» **What to produce**
A verbatim repeat of the lines below is required, with the pictures removed.

(Dataset records)
::::::

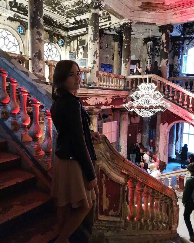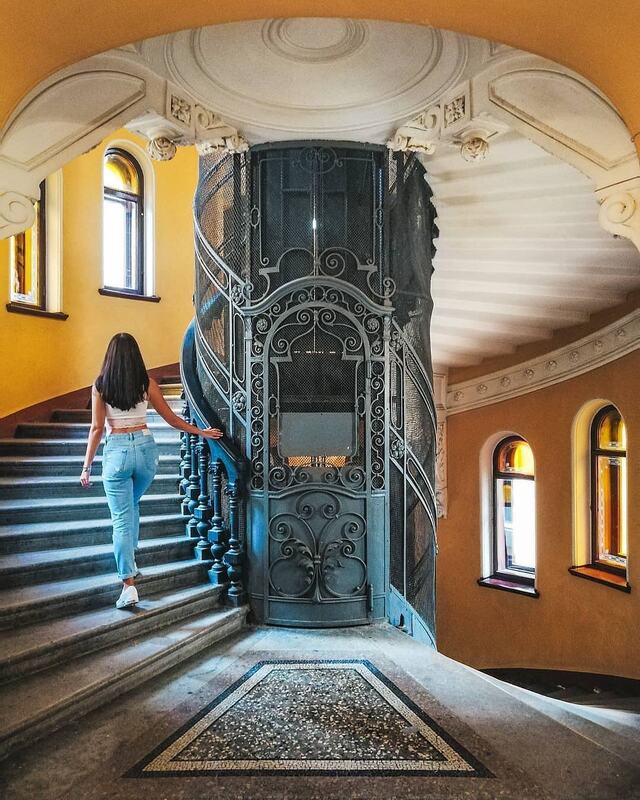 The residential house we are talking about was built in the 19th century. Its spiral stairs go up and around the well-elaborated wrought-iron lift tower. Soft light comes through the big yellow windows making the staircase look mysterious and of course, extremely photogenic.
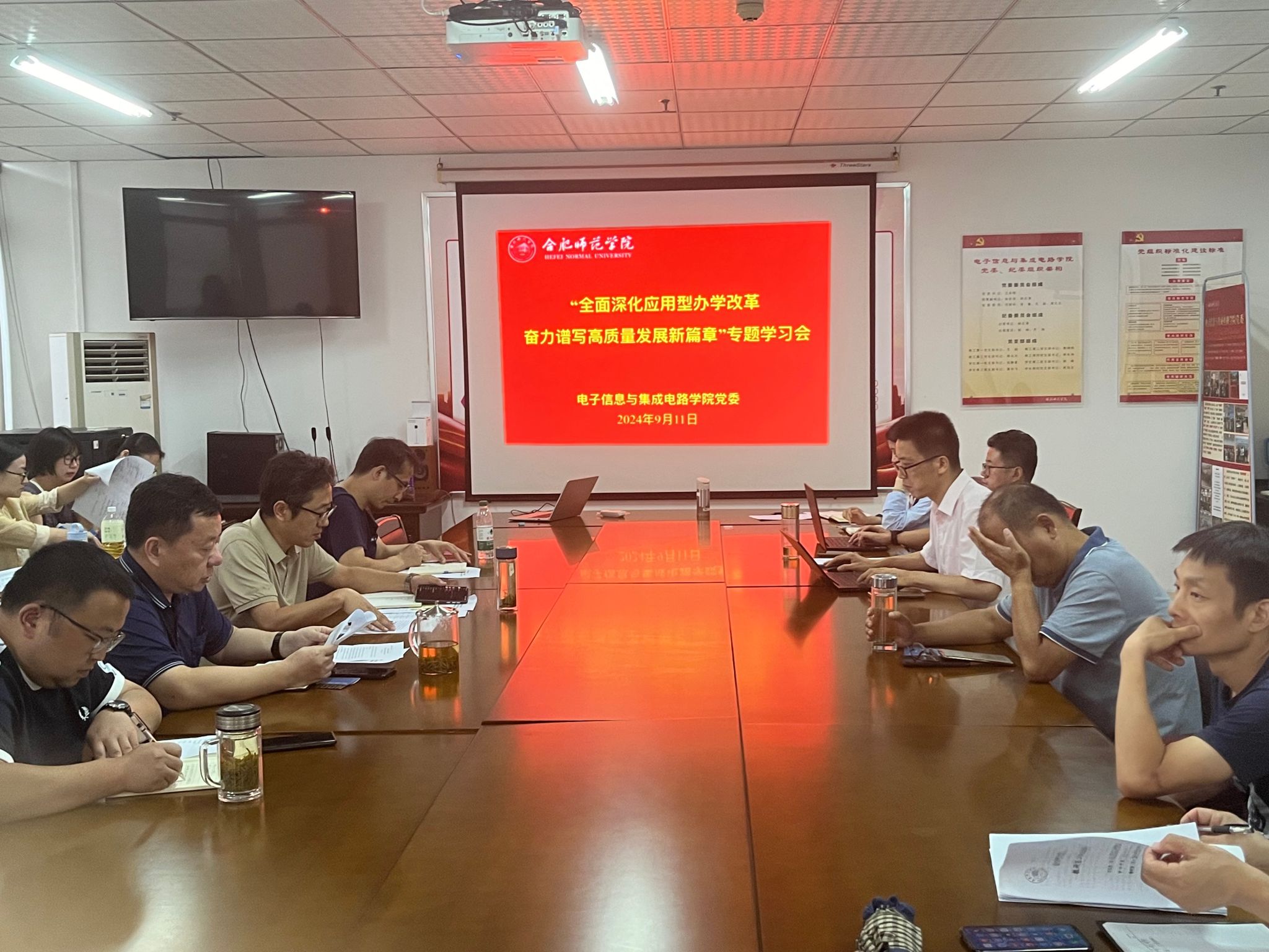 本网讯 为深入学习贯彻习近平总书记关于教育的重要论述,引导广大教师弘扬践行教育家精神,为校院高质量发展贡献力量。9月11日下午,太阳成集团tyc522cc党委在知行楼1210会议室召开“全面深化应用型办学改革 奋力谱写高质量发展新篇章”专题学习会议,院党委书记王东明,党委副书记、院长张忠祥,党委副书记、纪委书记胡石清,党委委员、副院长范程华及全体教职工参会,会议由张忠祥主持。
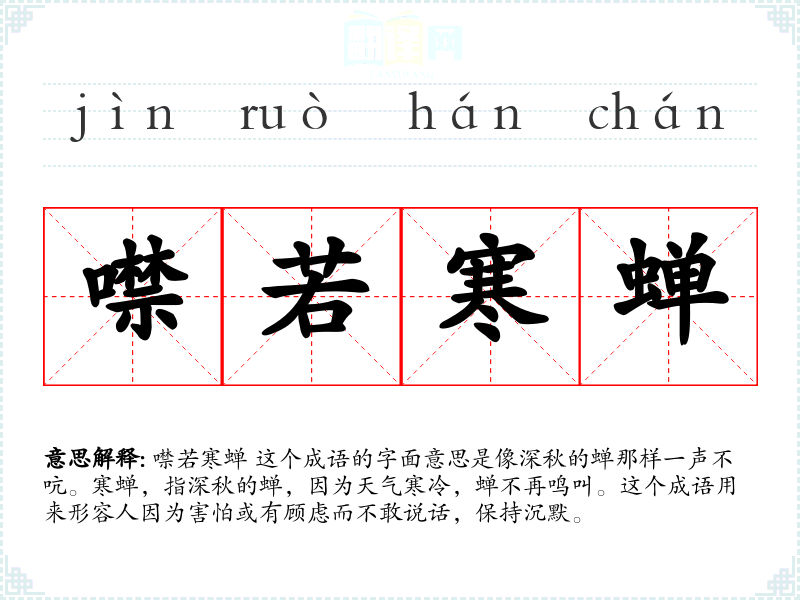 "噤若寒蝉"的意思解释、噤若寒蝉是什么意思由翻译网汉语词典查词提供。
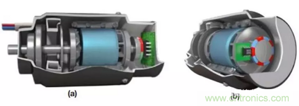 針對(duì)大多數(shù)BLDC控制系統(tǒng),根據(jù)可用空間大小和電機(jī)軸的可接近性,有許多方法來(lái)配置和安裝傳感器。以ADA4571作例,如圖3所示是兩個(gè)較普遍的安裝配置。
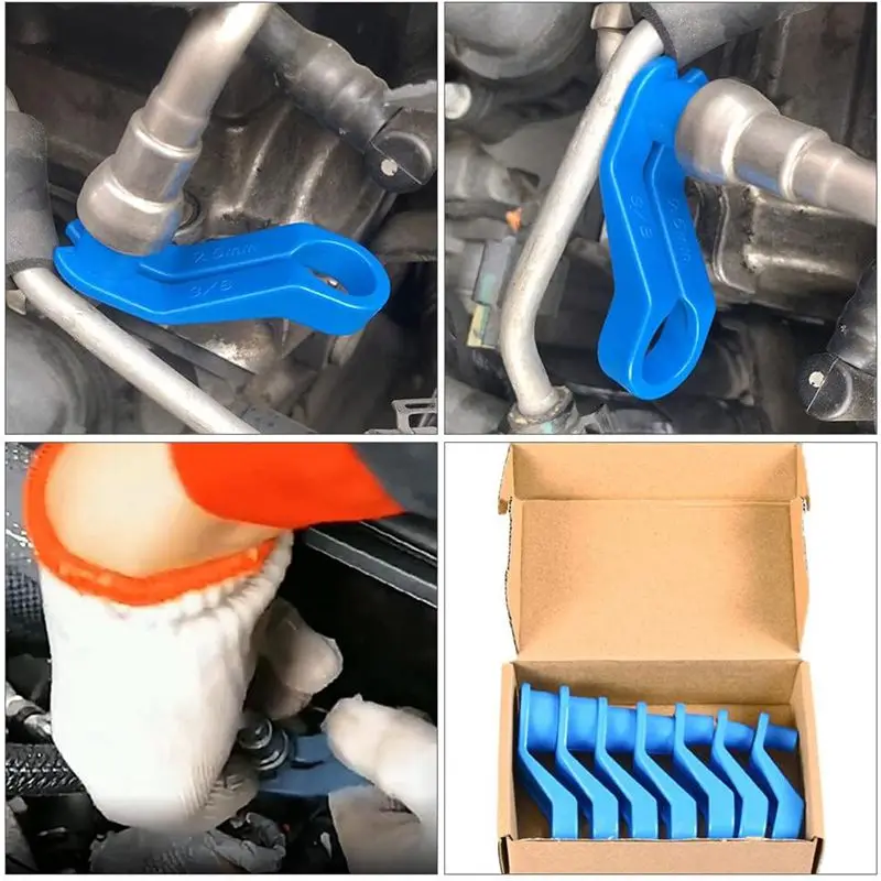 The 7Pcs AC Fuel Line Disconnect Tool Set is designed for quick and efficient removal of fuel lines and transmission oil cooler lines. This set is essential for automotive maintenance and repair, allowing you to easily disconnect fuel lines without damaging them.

::::::

» **Reply**
 The residential house we are talking about was built in the 19th century. Its spiral stairs go up and around the well-elaborated wrought-iron lift tower. Soft light comes through the big yellow windows making the staircase look mysterious and of course, extremely photogenic.
 本网讯 为深入学习贯彻习近平总书记关于教育的重要论述,引导广大教师弘扬践行教育家精神,为校院高质量发展贡献力量。9月11日下午,太阳成集团tyc522cc党委在知行楼1210会议室召开“全面深化应用型办学改革 奋力谱写高质量发展新篇章”专题学习会议,院党委书记王东明,党委副书记、院长张忠祥,党委副书记、纪委书记胡石清,党委委员、副院长范程华及全体教职工参会,会议由张忠祥主持。
 "噤若寒蝉"的意思解释、噤若寒蝉是什么意思由翻译网汉语词典查词提供。
 針對(duì)大多數(shù)BLDC控制系統(tǒng),根據(jù)可用空間大小和電機(jī)軸的可接近性,有許多方法來(lái)配置和安裝傳感器。以ADA4571作例,如圖3所示是兩個(gè)較普遍的安裝配置。
 The 7Pcs AC Fuel Line Disconnect Tool Set is designed for quick and efficient removal of fuel lines and transmission oil cooler lines. This set is essential for automotive maintenance and repair, allowing you to easily disconnect fuel lines without damaging them.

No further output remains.